Have you ever wondered, why is it at children’s Birthday parties, the Birthday child gives away goody bags? I’ve definitely wondered. Those bags and everything in them can end up costing as much as all the food at a party! They didn’t do this when I was a kid.
It’s like we’re compelled to give everyone something (other than food and a fun party) just for attending. I just don’t get it.
Now, before you panic, I’ve thrown my share of kid’s parties and we always give away goody bags. Though, for one summer water party, I gave away pool balls and a little plastic pool toy, each child got to pick their own. I had a few parents confused. Where are the bags?
And then it hit me, my 6yr old was reading me a story the other day. It’s an old Abeka 1st grade reader that I read when I was a kid, so I remembered the story the minute she started reading. It’s called “The Best Loser”. It’s about this little girl at a birthday party, who keeps losing every game. She’s told that at the end of the party there’s a prize for the best loser. She’s upset every time she loses, she loses at musical chairs, pin the tail on the donkey, and a guess what’s in the bag game. At the end of the party she expects the prize but it’s given to another child who had a good attitude about losing.
That’s how I remember parties, there would be 3 games, usually there’s a specially marked plate (which is totally NOT fair because picking the right plate is just chance there’s no skill required) and then two other party games like musical chairs or pin the tail on the donkey. The winning child for each game would receive a prize – most likely a bottle of bubbles or a jumprope from the dollar store. At the end of the party, 3 children went home with a prize and everyone else went home with nothing. No one thought this was odd or unfair. And the host parents didn’t spend a fortune on trinkets to send home with the guests.
Sometime between my childhood and having kids someone thought, “wow, this is unfair, my child is unhappy that they didn’t get a prize, at our party we’re going to give a prize to every child”. So, they gave out goody bags to every child who came. Other parents thought this was a great idea, and now it’s expected. Just try throwing a party and don’t have any goody bags to hand out at the end, and see what happens.

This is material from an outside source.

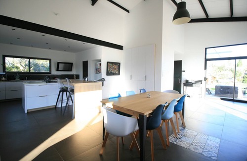 Village of Serviers-et-Labaume, in a quiet environment, this 160 m2 holiday home, in a resolutely contemporary style, has 3 bedrooms, one with a dressing room and a private bathroom.

The strange thing is, it’s not the Birthday child handing these bags out saying “I’m so glad you came” and giving something meaningful to express their appreciation, it’s the child’s parents handing these bags out to every child at the party because it’s expected. Basically, at the end of the party all the kids go, “where are the goody bags, we’re ready to leave”. And these bags are filled with things that you, the parent, discard as soon as possible – tiny bubble bottles, stickers, pencils, tattoos, candy, etc.
When we get home my kids dig through their bags, discuss what they got, and scatter everything around the house. I have to ask a lot of questions to get a description of the party from them.
I think this is just another symptom of overprotecting our kids, we don’t want to let our kids lose or be disappointed because let me tell you, not getting the right plate so you can have a prize is just soul crushing.
I won’t be denying kids their goody bags at parties any time soon (let’s just say I would be considered a bad hostess), but I do think it’s worth considering that just maybe we’re not teaching kids to value disappointment and friendly competition. But we are teaching them to value all the junk that we get to bring home and throw away. Which one is actually going to help them in life?